3 Replies Latest reply on Sep 30, 2010 4:15 PM by sblackwell

    makeshift global barrier

      trouble reading from global memory after atom_inc


      I know there's no global barrier in OpenCL, but I'm trying to create a workaround using the following code:


      void barrier(__global uint* scratch) {

        uint nThreads = get_global_size(0);


        /* this loop never terminates */

        while(scratch[0] < nThreads) {





      The idea is that each thread loops until all threads have incremented that memory.

      I know the memory is being incremented because scratch[0] = nThreads when I read scratch back to host memory, but loops never terminate. When I have the threads write out the value at scratch[0] elsewhere, they all just print the result of their atom_inc.

      I know I can normally read just fine from global memory, but what am I missing here?

        • makeshift global barrier

          hi sblackwell,

          I must say a good try.

          But how workitems are executed inside a Compute Unit is entirely implementation dependent.Even if you run just 256 threads i.e one workgroup you cannot say whether all the 4 wavefronts will execute in a round robin approach or only one wavefront will remain stuck in the while loop & other will keep waiting for this wavefront.

          Global Sync can only be implemented by using different kernels as for now.

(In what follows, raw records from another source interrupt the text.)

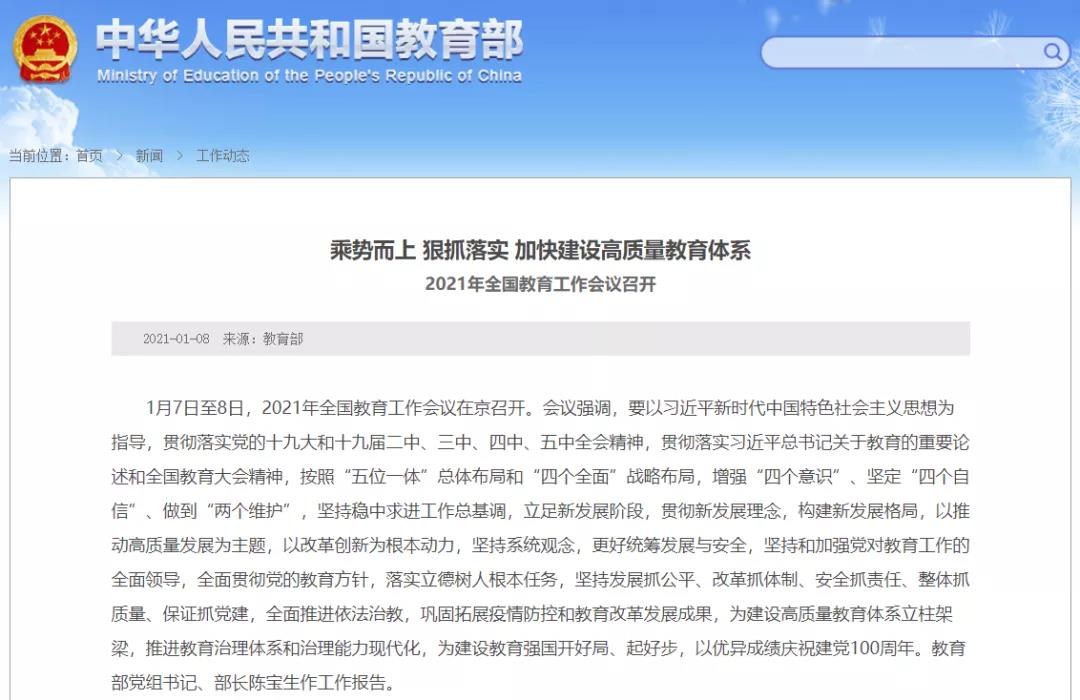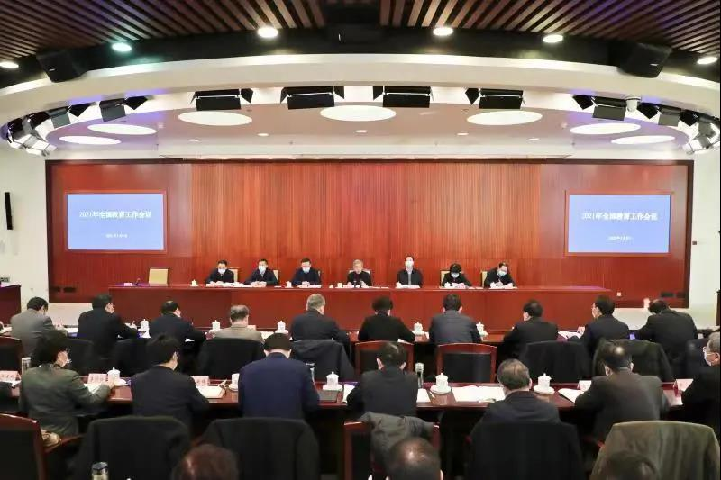 1月7日至8日,2021年全国教育工作会议在京召开。会议强调,要以习近平新时代中国特色社会主义思想为指导,贯彻落实党的十九大和十九届二中、三中、四中、五中全会精神,贯彻落实习近平总书记关于教育的重要论述和全国教育大会精神,按照“五位一体”总体布局和“四个全面”战略布局,增强“四个意识”、坚定“四个自信”、做到“两个维护”,坚持稳中求进工作总基调,立足新发展阶段,贯彻新发展理念,构建新发展格局,以推动高质量发展为主题,以改革创新为根本动力,坚持系统观念,更好统筹发展与安全,坚持和加强党对教育工作的全面领导,全面贯彻党的教育方针,落实立德树人根本任务,坚持发展抓公平、改革抓体制、安全抓责任、整体抓质量、保证抓党建,全面推进依法治教,巩固拓展疫情防控和教育改革发展成果,为建设高质量教育体系立柱架梁,推进教育治理体系和治理能力现代化,为建设教育强国开好局、起好步,以优异成绩庆祝建党100周年。教育部党组书记、部长陈宝生作工作报告。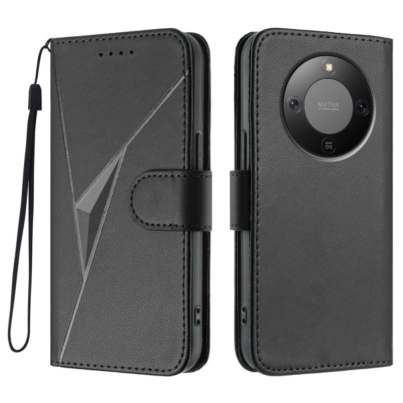Capa elegante para carteira com um sofisticado motivo triangular, fecho magnético seguro e uma prática correia de mão. Fabricada em pele PU de primeira qualidade e TPU macio para uma proteção óptima. Armazena até três cartões e dinheiro.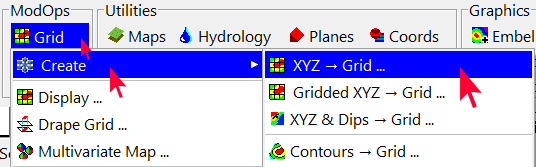 - メニューから ModOps | Grid | Create | XYZ → Grid を選択します。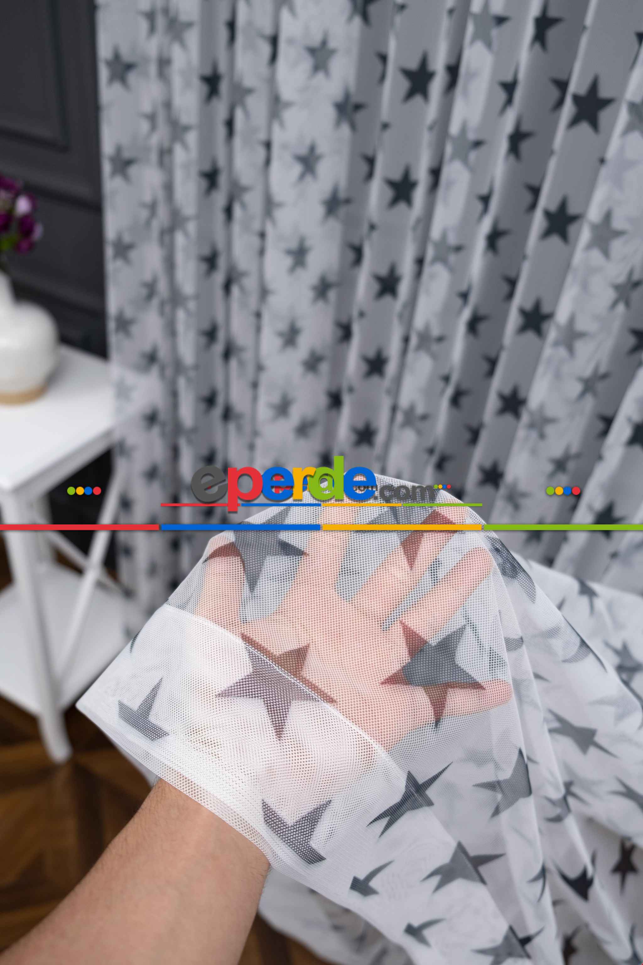 Fransa | İndirimli Fiyat!! Petek Zemin Koyu Antrasit Renkli Sık Pileli Yıldız Desenli Grek Baskılı Tül Perde » Eperde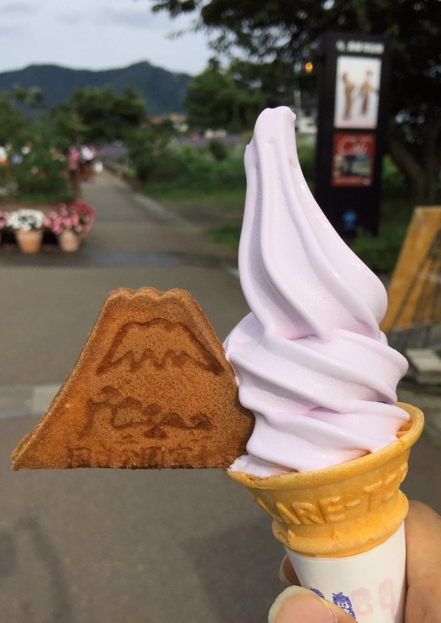 八木崎公園にも立ち寄りました。こちらもラベンダーは大石公園以上に見事ですが、富士山との絡みはあまり撮れません。ざっと見て帰る前にソフトクリーム(ラベンダー)を買ったら、富士山が付いてきました。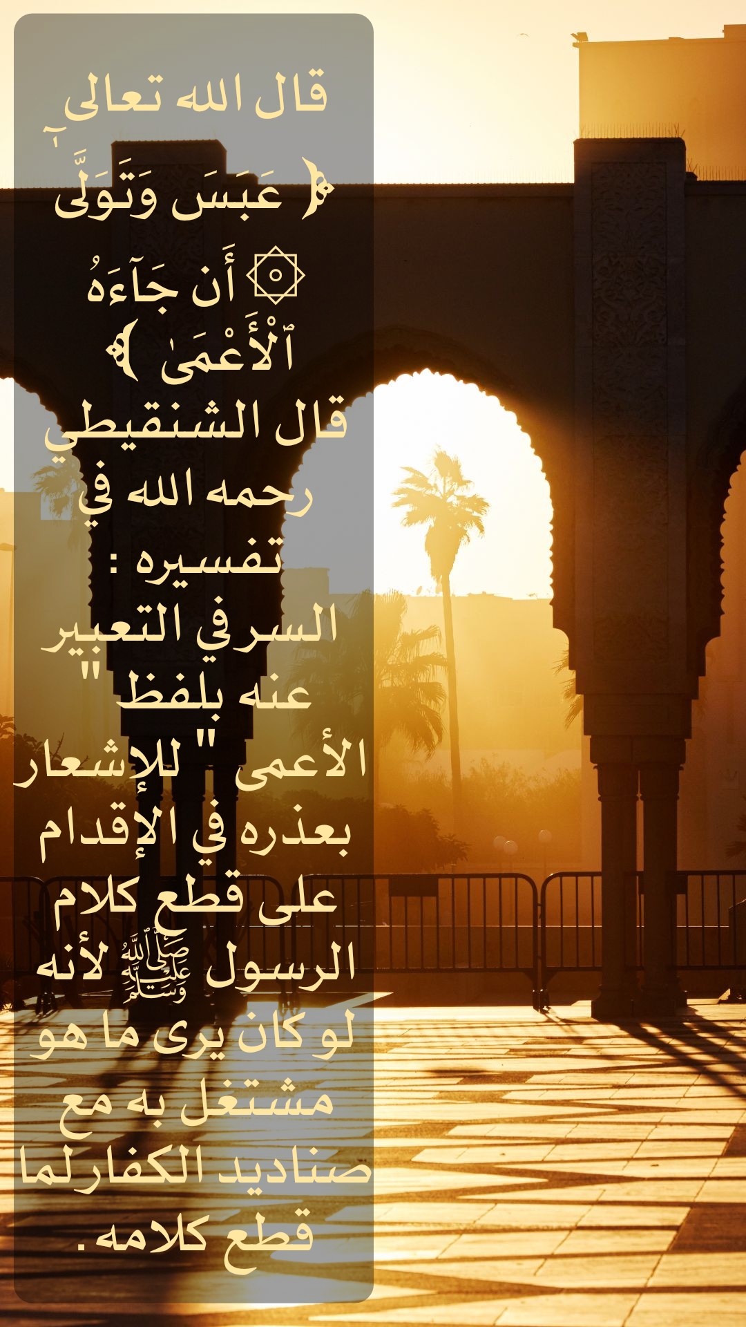 ﴿عَبَسَ وَتَوَلَّى . أَن جَاءَهُ الْأَعْمَى )

          I hope it is clear.

          • makeshift global barrier
            This will only work if you run exactly enough work groups to fill up the chip once or fewer. Say the device has N SIMD's and each work group takes up all the resources on the SIMD. A launch size of N work-groups should execute this code correctly. If N+1 work-groups are executed, the first N work-groups will loop waiting for scratch[0] to hit nThreads. The last work-group will not get scheduled because the previous work-groups have not finished and there are no resources left.

            Hope this makes sense on why the solution you have is not fully generic.
            • makeshift global barrier
              Yeah that makes perfect sense. I had never thought of it that way. I guess I had assumed (wrongly) that all work groups were executed concurrently.